Start of Block

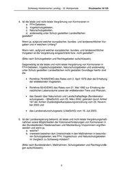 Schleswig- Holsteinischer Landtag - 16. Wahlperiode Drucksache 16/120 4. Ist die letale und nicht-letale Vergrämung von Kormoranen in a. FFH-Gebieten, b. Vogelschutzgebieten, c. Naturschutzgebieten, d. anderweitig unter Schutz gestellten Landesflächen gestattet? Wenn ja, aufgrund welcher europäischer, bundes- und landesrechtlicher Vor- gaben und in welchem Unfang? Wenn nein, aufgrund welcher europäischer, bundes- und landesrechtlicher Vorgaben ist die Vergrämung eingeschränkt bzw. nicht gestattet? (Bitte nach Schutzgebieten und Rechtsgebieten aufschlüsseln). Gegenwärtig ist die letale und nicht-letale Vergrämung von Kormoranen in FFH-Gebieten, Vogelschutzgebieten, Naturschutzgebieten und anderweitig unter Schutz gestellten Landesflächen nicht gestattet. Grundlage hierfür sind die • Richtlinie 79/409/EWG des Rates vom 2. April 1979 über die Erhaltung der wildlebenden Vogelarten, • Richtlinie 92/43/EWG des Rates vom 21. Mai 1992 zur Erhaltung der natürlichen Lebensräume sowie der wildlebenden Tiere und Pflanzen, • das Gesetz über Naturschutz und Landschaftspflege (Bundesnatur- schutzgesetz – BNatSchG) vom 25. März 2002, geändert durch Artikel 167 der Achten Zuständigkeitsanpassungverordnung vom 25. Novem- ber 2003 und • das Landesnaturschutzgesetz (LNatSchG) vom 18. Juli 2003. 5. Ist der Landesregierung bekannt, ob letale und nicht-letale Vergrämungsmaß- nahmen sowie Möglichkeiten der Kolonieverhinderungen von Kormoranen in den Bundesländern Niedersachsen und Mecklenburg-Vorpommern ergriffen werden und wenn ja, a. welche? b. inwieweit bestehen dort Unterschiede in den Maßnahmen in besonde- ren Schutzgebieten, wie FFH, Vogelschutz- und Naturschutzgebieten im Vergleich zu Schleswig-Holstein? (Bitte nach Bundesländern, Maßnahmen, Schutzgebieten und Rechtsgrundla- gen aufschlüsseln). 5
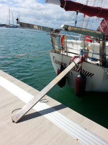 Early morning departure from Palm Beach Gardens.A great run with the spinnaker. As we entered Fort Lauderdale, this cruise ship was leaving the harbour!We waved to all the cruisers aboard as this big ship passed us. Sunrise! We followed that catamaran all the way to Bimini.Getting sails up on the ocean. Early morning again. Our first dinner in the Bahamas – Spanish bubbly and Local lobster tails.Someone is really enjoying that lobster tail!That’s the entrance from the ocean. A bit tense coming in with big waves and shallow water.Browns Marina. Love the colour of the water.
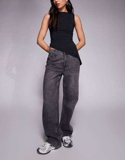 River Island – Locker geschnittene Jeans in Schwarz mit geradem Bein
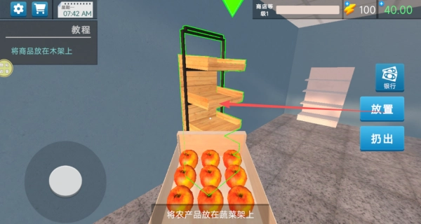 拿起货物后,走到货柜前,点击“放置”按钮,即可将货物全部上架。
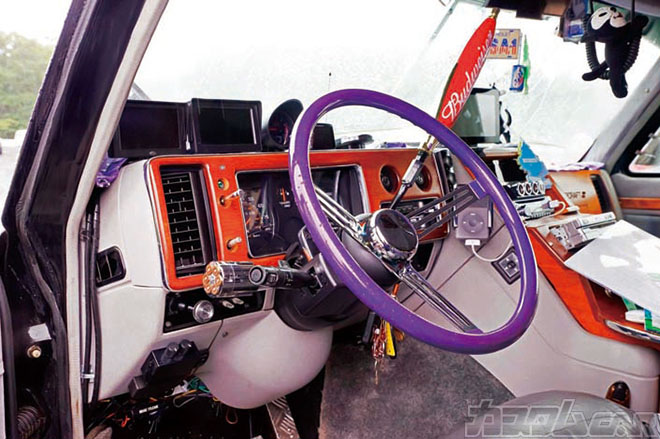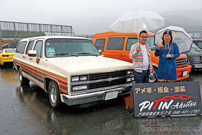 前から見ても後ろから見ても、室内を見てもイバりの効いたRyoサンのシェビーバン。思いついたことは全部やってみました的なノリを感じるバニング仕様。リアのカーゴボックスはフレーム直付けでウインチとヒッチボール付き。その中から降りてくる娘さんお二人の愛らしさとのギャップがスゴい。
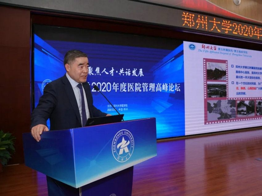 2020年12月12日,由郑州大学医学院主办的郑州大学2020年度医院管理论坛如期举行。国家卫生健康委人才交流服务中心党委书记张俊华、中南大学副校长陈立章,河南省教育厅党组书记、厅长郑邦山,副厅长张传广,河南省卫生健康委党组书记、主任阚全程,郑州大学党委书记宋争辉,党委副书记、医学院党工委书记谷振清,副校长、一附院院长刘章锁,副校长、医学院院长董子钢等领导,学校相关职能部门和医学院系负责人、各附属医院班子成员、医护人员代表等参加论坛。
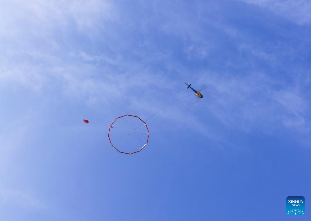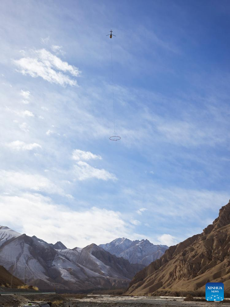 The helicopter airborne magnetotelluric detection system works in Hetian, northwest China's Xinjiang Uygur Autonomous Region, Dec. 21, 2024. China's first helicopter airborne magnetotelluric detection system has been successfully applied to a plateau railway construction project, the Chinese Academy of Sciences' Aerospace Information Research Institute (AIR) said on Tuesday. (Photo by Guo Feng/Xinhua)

End of Block

> [What is expected]: Copy only these lines from the records above, exactly: the one with "Early morning departure", the one with "前から見ても後ろから見ても、", and those between. Skip the pictures.

> [Exercise answer]:
 Early morning departure from Palm Beach Gardens.A great run with the spinnaker. As we entered Fort Lauderdale, this cruise ship was leaving the harbour!We waved to all the cruisers aboard as this big ship passed us. Sunrise! We followed that catamaran all the way to Bimini.Getting sails up on the ocean. Early morning again. Our first dinner in the Bahamas – Spanish bubbly and Local lobster tails.Someone is really enjoying that lobster tail!That’s the entrance from the ocean. A bit tense coming in with big waves and shallow water.Browns Marina. Love the colour of the water.
 River Island – Locker geschnittene Jeans in Schwarz mit geradem Bein
 拿起货物后,走到货柜前,点击“放置”按钮,即可将货物全部上架。
 前から見ても後ろから見ても、室内を見てもイバりの効いたRyoサンのシェビーバン。思いついたことは全部やってみました的なノリを感じるバニング仕様。リアのカーゴボックスはフレーム直付けでウインチとヒッチボール付き。その中から降りてくる娘さんお二人の愛らしさとのギャップがスゴい。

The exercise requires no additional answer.